For the past several years, Hollis and Iwersen and other surgeons at Flathead Valley Orthopedic Center trained then tested several different computer guidance systems. They chose the Stryker Navigation System, which required more than a $250,000 investment by the medical center.

It works by combining computers, infrared cameras and wireless instruments to produce detailed, three-dimensional computer images. As the surgeon works, the high-tech network tracks in real time the placement of instruments inside the patient.

Karen Lee, operating room manager, said it was amazing for a hospital the size of Kalispell Regional Medical Center to have this technology.

"A lot of this is a tribute to the quality of physicians that we have here," she said.

Because of the testing period, Lee said the medical center was able to time the purchase to acquire the latest upgrade Stryker offered. According to Hollis, the advance of computer technology has made a world of difference in guidance products.

"We were one of the testing sites in 1994-1995," he said. "Back then, it was just miserable - It was slow and it broke down a lot."

Hollis described the streamlined process with the Stryker Navigation System.

After a diagnosis of a problem such as a brain tumor, the patient has an MRI or CT scan with little buttons on the head which act as alignment markers. The information from the scan feeds into the computer.

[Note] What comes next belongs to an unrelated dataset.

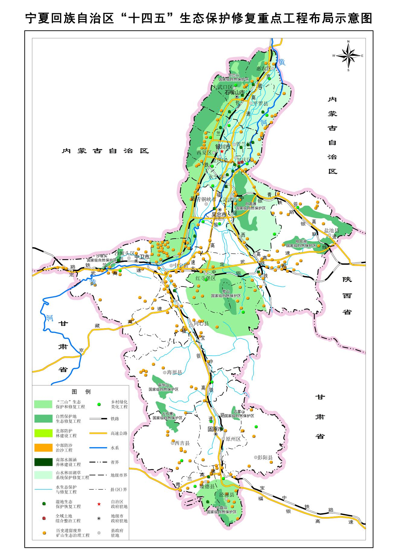 1.“三山”生态保护和修复工程。估算总投资186亿元,实施矿山地质环境及国土综合整治、沟道防洪治理、河湖湿地及水环境综合治理,开展国土绿化、防沙治沙和水土保持,推进贺兰山、罗山、六盘山生态环境保护和修复取得重大进展。2.自然保护地生态修复工程。实施贺兰山、白芨滩、哈巴湖、罗山、沙坡头、南华山、云雾山、火石寨、六盘山9个国家级自然保护区生态保护和修复项目,修复保护面积80万亩,森林质量精准提升20万亩;实施生物多样性保护工程,完善和提升自然保护区管护、科研监测、应急防灾等设施体系。3.北部防护林建设工程。建设沿黄河、沿贺兰山东麓防护体系,实施沿黄地区农田防护林提升改造、骨干水系道路沟渠两侧绿化等,完成人工造林、未成林抚育提升和退化林改造工程。4.中部防沙治沙工程。继续实施封山禁牧工程;以罗山及周边地区为重点,实施扬黄灌区防护林建设、沙化土地综合治理、飞播造林种草等,完成人工造林、未成林抚育提升及退化林改造工程。开展压砂地退化调查,优化种植布局,有序退出压砂种植作物,实施生态保护修复。5.南部水源涵养林建设工程。实施固原市“四个一”林草产业及国家储备林工程,建设六盘山、月亮山及周边地区水源涵养林、库井灌区防护林、重要支流沿线绿化,完成人工造林、未成林抚育提升及退化林分改造。6.水生态保护与修复工程。实施清水河、苦水河、典农河、沙湖等重点河湖生态修复与综合治理工程,坡耕地综合治理、淤地坝建设及除险加固、小流域综合治理等水土保持工程,农村水系综合治理工程。7.湿地生态保护恢复工程。以沿黄湖泊湿地为重点,实施退耕还湿、保护修复、生态效益补偿等,恢复湿地面积36.6万亩,保护修复湿地面积107万亩,新建湿地公园10个。8.山水林田湖草系统保护修复工程。争取国家支持,在贺兰山、六盘山、罗山等重点生态功能区组织实施山水林田湖草沙一体化保护和修复工程。实施洪积扇区生态修复治理、泄洪沟道生态修复治理、入黄沟道两侧盐碱地生态修复治理、乡村环境治理与生态改善、黄河滩地生态保护修复、退化草原生态修复和生态环境监测与管理能力建设等13项工程。9.全域土地综合整治工程。实施兴庆区大新镇、掌政镇全域土地综合整治试点,整体推进农用地整理、建设用地整理和乡村生态保护修复,总结推广试点经验。10.历史遗留废弃矿山生态治理工程。实施贺兰山东麓石嘴山段、银川段、青铜峡段、牛首山,以及盐池县、中宁县、沙坡头区、隆德县、泾源县等历史遗留矿山地质环境恢复治理,开展清理渣土、回填种植土、植被恢复、生态修复等。11.乡村绿化美化工程。按照村庄分类和村庄规划,推进乔灌花草相结合,实施乡村绿化美化25万亩。
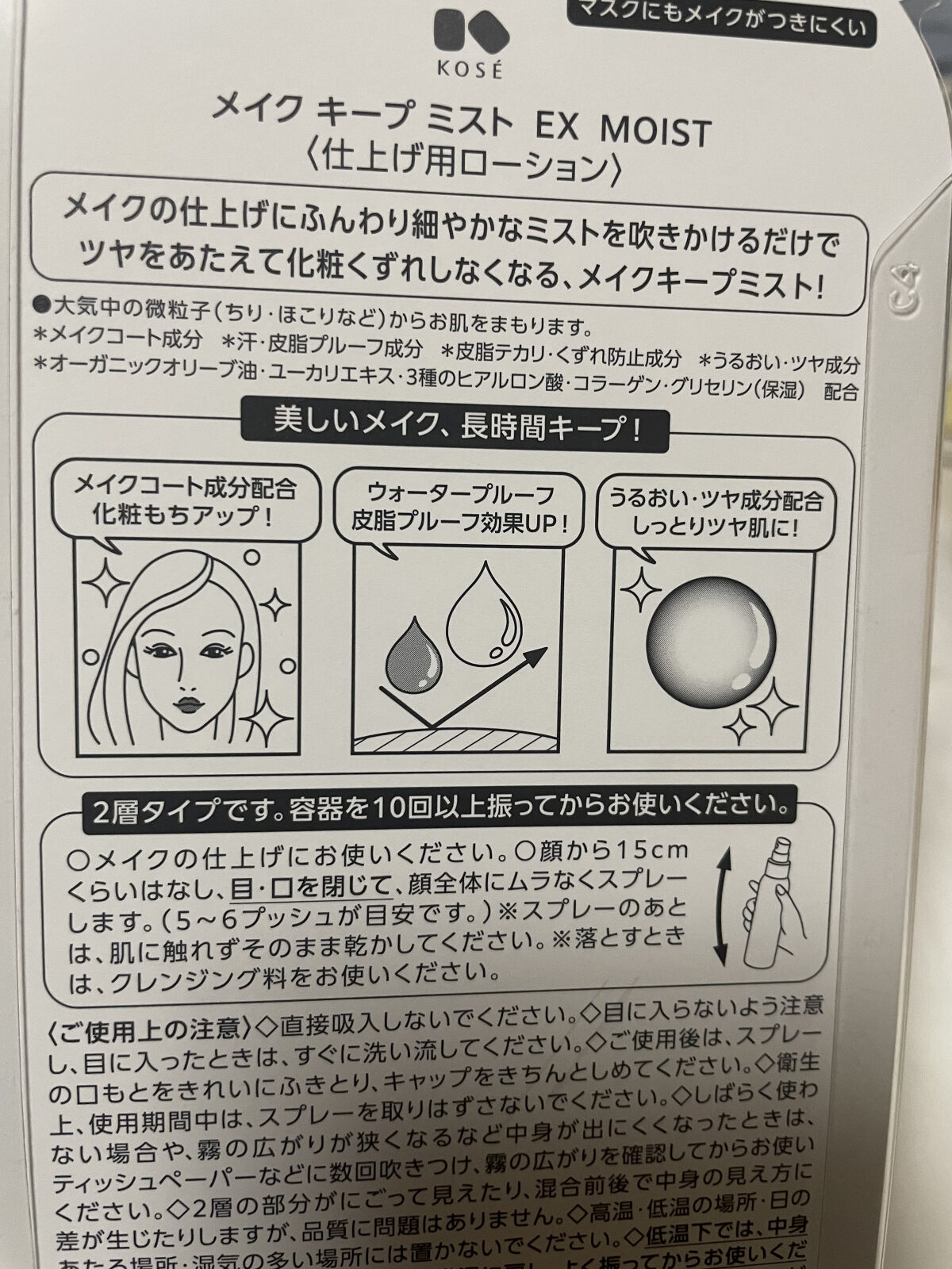 - メイクキープ力がパワーアップ! メイクの仕上げにサッとひと吹き、化粧くずれを防ぐふんわりミストスプレー。 メイクキープ力がパワーアップ! ウォータープルーフ効果に加え、皮脂くずれ防止効果で驚きのメイクキープ力を発揮します。 ● さらに細かくふんわりと噴霧するミストに進化。均一な一枚の膜を作ります。 ● つけたての美しいメイクを長時間持続。 メイクコート成分配合。しっかりとメイクを固定しながら、顔の動きに合わせて伸縮するため、時間がたってもメイクがヨレにくく、美しい仕上がりを長時間持続します。 ● マスク着用によるメイクのヨレを防止し、マスクにメイクが付きにくくします。 ● メイクくずれから守るだけでなく、大気中の微粒子(ちり・ほこりなど)からも肌をまもります。 ● 汗や水、皮脂まではじくため、メイクによるテカリやにじみをしっかりと抑えます。 ● 保湿成分配合。うるおいを与えて乾燥を防ぎます。 ● フレッシュフローラルの香り ● 無着色 <ご注意> 低温下では中身が白く固まりやすくなりますが、 常温に戻すために湯せんや電子レンジなどを使って高い温度で温めると品質が変化してしまいます。 さらには容器が変形・破損することで、やけどや怪我の恐れがあります。 大変危険ですので、湯せんや電子レンジなどを使って加熱することは絶対にお避けください。

"This equipment uses the same technology as GIS tracking," Hollis said.

The software provides a definitive rendering in three-dimensional space. As the neurosurgeon touches a pointer to any place on the patient's skull, the equipment lights up that precise area on the screen.

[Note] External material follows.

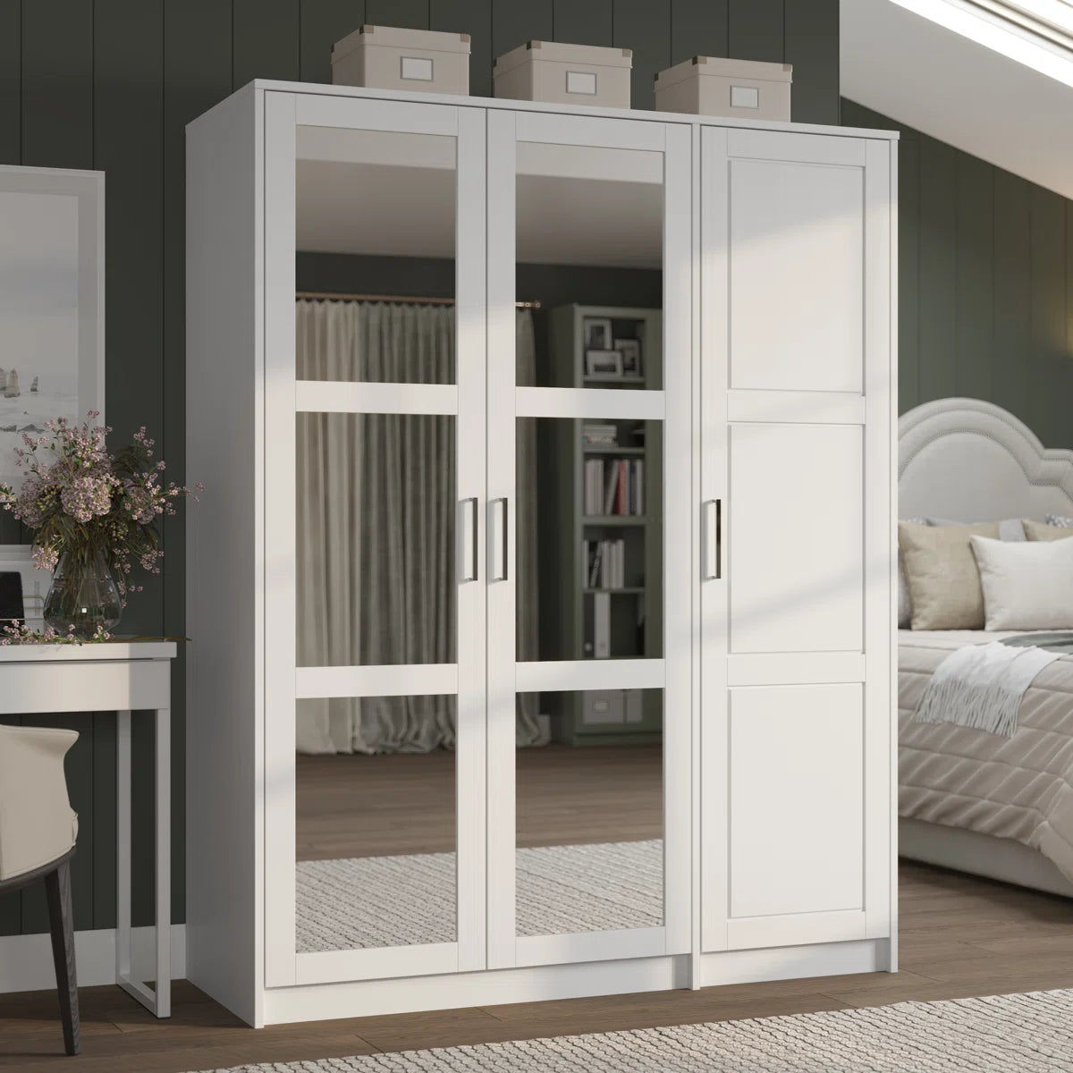 Premium 100% Solid Wood Swedesboro 3-Door Wardrobe Armoire with Mirrors

"I had a 14-year-old child that had a brain tumor right on the base of the temporal lobe," Hollis said.

Although the tumor was not cancerous, it was causing the child to have seizures. Hollis used the navigator equipment to pinpoint the precise area to penetrate the skull to remove the tumor.

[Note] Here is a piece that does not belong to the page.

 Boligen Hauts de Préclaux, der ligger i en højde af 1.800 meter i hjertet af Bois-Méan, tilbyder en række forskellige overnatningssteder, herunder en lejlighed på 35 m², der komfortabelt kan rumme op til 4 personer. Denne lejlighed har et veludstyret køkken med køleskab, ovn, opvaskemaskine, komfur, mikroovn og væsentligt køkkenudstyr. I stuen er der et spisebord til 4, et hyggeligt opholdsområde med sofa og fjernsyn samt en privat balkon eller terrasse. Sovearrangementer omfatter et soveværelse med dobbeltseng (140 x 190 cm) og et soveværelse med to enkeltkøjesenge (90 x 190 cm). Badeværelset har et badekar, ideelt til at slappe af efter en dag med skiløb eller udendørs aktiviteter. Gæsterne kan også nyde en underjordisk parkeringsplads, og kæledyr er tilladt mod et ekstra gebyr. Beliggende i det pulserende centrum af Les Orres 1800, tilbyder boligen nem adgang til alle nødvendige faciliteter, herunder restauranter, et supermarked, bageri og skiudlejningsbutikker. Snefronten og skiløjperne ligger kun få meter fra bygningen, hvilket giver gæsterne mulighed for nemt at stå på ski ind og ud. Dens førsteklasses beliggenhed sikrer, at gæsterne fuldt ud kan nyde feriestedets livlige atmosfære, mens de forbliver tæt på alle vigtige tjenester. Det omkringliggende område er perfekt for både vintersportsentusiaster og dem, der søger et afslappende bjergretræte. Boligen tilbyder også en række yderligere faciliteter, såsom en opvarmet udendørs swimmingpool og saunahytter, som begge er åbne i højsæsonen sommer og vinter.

Hollis said the child was back in school within a week.

He also used the navigator to operate on a 15-year-old cheerleader with a tumor close to areas involved in her vision. Without the navigator, Hollis said he would never have attempted to remove the tumor.

"Thanks to the equipment, I was able to remove it without injuring the optical field," he said.

Iwersen recently used the navigator to replace a knee on a patient with a thigh bone bowed by an earlier fracture. He said these unique patients benefit the most from the navigator.

The surgeon held up the two diamond-shaped trackers he installed above and below the knee on the patient. Iwersen then used the pointer to trace around the joint.

"We map the anatomy of the patient," he said.

The navigator's software collated the information from the pointer to display a three-dimensional picture of the patient's unique knee.

The computer also figured the angles, lines and measurements needed to best align the prosthetic knee.

As Iwersen operated, the monitor showed his progress as he removed bone and installed the new knee.

"This gives us all we need to be assured of making precise cuts," Iwersen said. "We're the only site in Montana that has this" for orthopedic surgery.

In about two months, he said, the hospital would have additional equipment to use the navigator for hip replacement surgery.

The system offers the same benefits for hips as knees by displaying the individual patient's biomechanics prior and during surgery.

For orthopedic patients, the navigator may mean a shorter hospitalization, fewer complications and improved joint stability. Neurosurgical patients have the peace of mind of knowing the equipment may reduce mortality, paralysis or loss of function.

Hollis, Griffith and Iwersen agree the navigator's benefits justified Kalispell Regional's investment. But technology means little without a skilled surgeon.

"This is our compass," Hollis said. "But it doesn't absolve us from driving the ship."